THE DATA below:

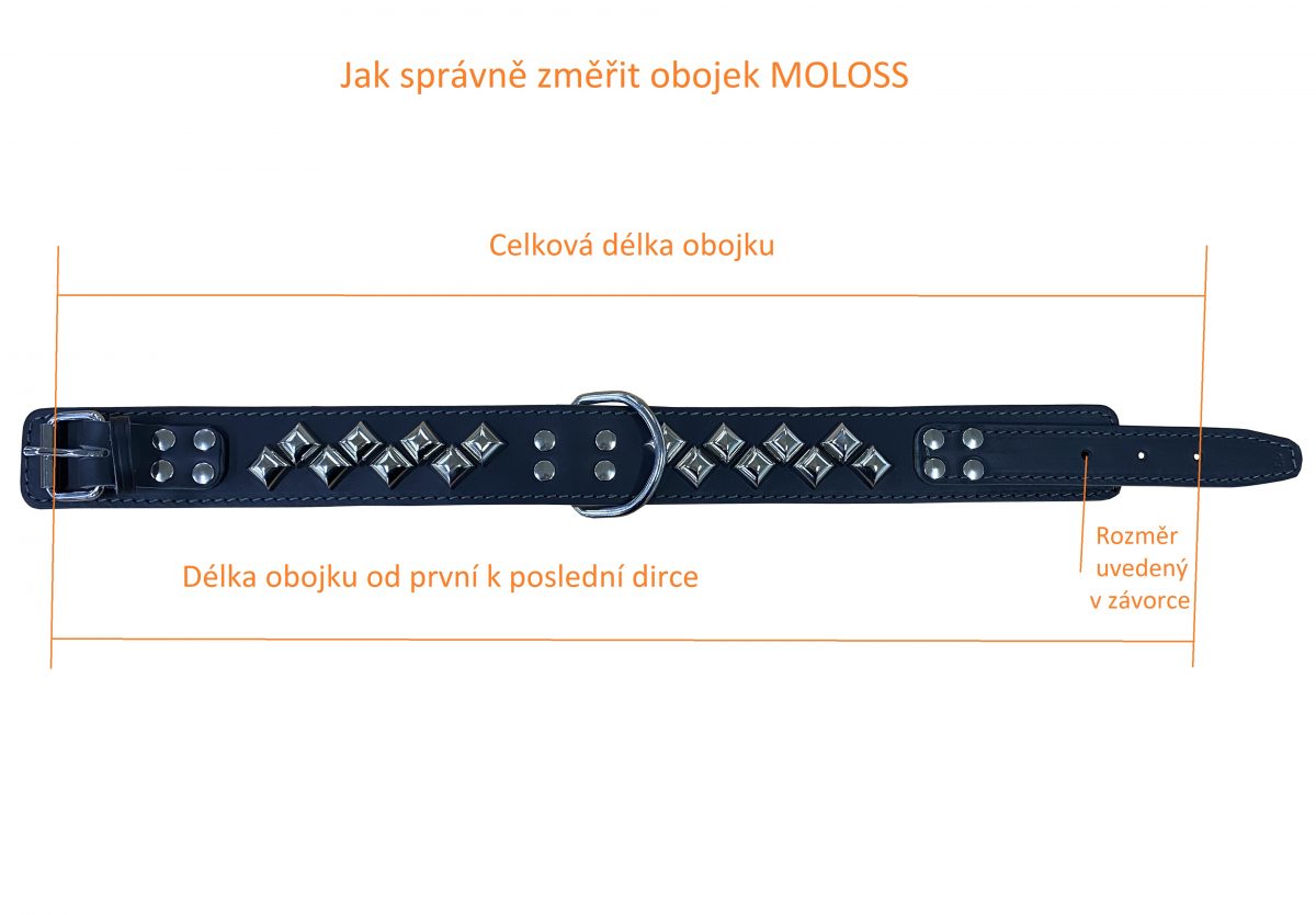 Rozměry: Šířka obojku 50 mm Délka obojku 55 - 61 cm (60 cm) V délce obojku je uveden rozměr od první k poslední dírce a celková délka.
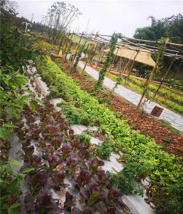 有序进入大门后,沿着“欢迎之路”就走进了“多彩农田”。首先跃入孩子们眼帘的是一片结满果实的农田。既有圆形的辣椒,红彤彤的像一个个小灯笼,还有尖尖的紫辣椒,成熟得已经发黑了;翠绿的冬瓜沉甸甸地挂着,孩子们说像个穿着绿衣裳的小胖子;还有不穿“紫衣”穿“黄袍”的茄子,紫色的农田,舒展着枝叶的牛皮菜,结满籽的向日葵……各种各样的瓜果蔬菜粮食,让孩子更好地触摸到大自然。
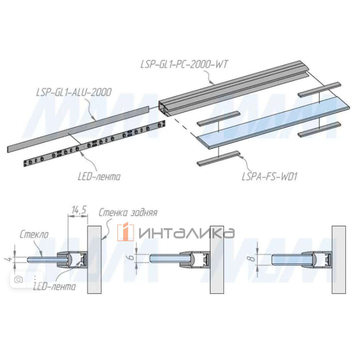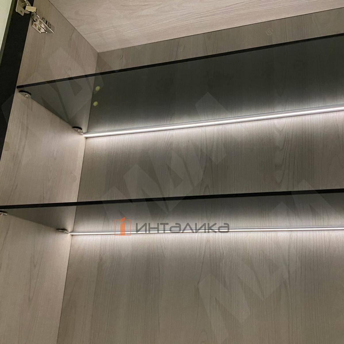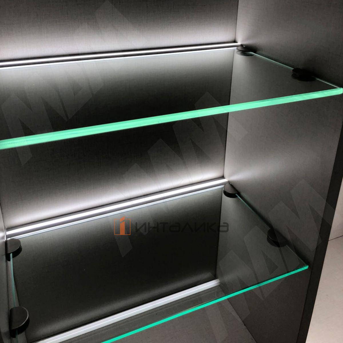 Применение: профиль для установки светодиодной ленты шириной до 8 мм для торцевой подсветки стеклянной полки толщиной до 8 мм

End of THE DATA.

▶ TASK INSTRUCTIONS
Keep the pictures out while you retype all of the data above exactly as it appears.

▶ RESULT
 Rozměry: Šířka obojku 50 mm Délka obojku 55 - 61 cm (60 cm) V délce obojku je uveden rozměr od první k poslední dírce a celková délka.
 有序进入大门后,沿着“欢迎之路”就走进了“多彩农田”。首先跃入孩子们眼帘的是一片结满果实的农田。既有圆形的辣椒,红彤彤的像一个个小灯笼,还有尖尖的紫辣椒,成熟得已经发黑了;翠绿的冬瓜沉甸甸地挂着,孩子们说像个穿着绿衣裳的小胖子;还有不穿“紫衣”穿“黄袍”的茄子,紫色的农田,舒展着枝叶的牛皮菜,结满籽的向日葵……各种各样的瓜果蔬菜粮食,让孩子更好地触摸到大自然。
 Применение: профиль для установки светодиодной ленты шириной до 8 мм для торцевой подсветки стеклянной полки толщиной до 8 мм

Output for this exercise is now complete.